Während sich der Chef der Kassenärztlichen Bundesvereinigung, Andreas Gassen, sagt, er freue sich, dass „Vivy“ sich für die KV-Schnittstelle entschieden habe. Mit deutlichen Worten kritisiert dagegen Wieland Dietrich, Vorsitzender des Vereins Freie Ärzteschaft, die App im Gespräch mit dieser Zeitung.  Selbst wenn die Daten bei dem IT-Dienstleister gesichert sein sollten, was er auch nicht für garantiert hält, sieht der Essener Dermatologe in der Weitergabe der höchstpersönlichen Gesundheitsdaten über die App „ein Einfallstor dafür, dass die Daten in die Hände interessierter Dritter geraten“.  Kein normaler Handynutzer sei in der Lage, sein Smartphone so einzustellen, dass es kein Einfallstor für einen Datendiebstahl über die Apps gebe.
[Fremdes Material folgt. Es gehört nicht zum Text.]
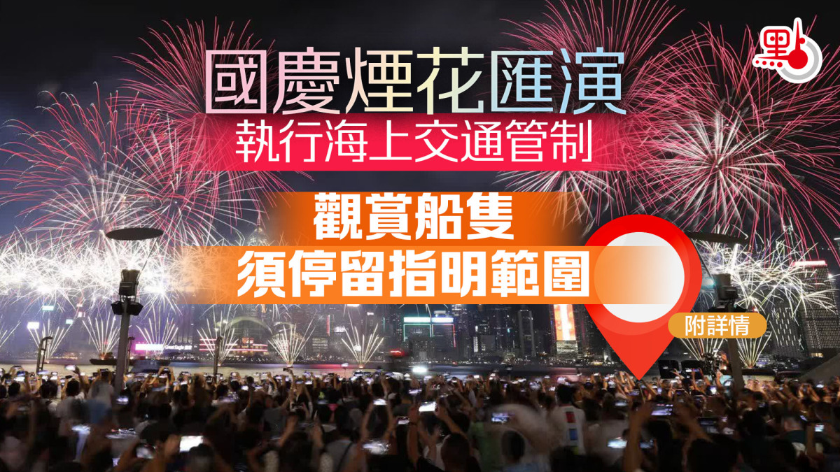 觀賞煙花的船隻可在限制區和禁區外的指明範圍內停留,有關範圍在當晚6時至約9時(指明期間)實施。為提升大型海上活動舉行期間的海上安全,觀賞船的船長須在相關指明範圍及指明期間內,確保船上兒童有成人陪同和全程穿上救生衣,並須備存乘客和船員名單作應急用途。海事處會加強檢查船隻,如發現違規情況,會作出檢控。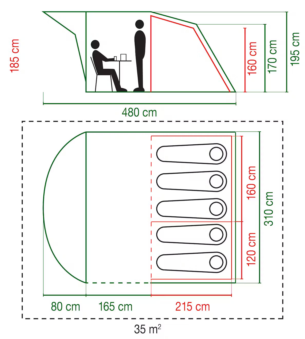 The Rocky Mountain tent features Coleman’s® BlackOut Bedrooms®, helping you enjoy a longer, more restful night’s sleep. Designed with families in mind, it offers generous space, an extended front porch, and increased head height—giving you more room to relax or play, even when the weather turns. The easy-to-pitch tunnel construction provides full standing height throughout, while large windows create a bright, airy living space.

Das sei dann „wie ein offenes Buch für die großen Internetfirmen“, befürchtet Dietrich. Und geschehe das, dann seien diese hochsensiblen Daten nicht mehr rückholbar. Niemand wisse, in wessen Besitz sie dann seien. Interessierte Kreise könnten nicht nur ein Interesse daran haben, die Gesundheitsinformationen der Nutzer für gezieltes Marketing zu übernehmen. Bei den über die  App preisgegebenen Informationen und einem dann schnell wachsenden Gesamtbild über den Gesundheitszustand des Betroffenen seien die Daten dann auch für Versicherer interessant. Diese könnten ihre Risiko-Einstufung des Betroffenen und damit auch die Höhe der Versicherungsprämie an die so erlangten Informationen knüpfen. Oder auch die Entscheidung, den Betroffenen gar nicht zu versichern. Wieland rät  dringend davon ab, Gesundheitsdaten über Apps hochzuladen oder speichern zu lassen.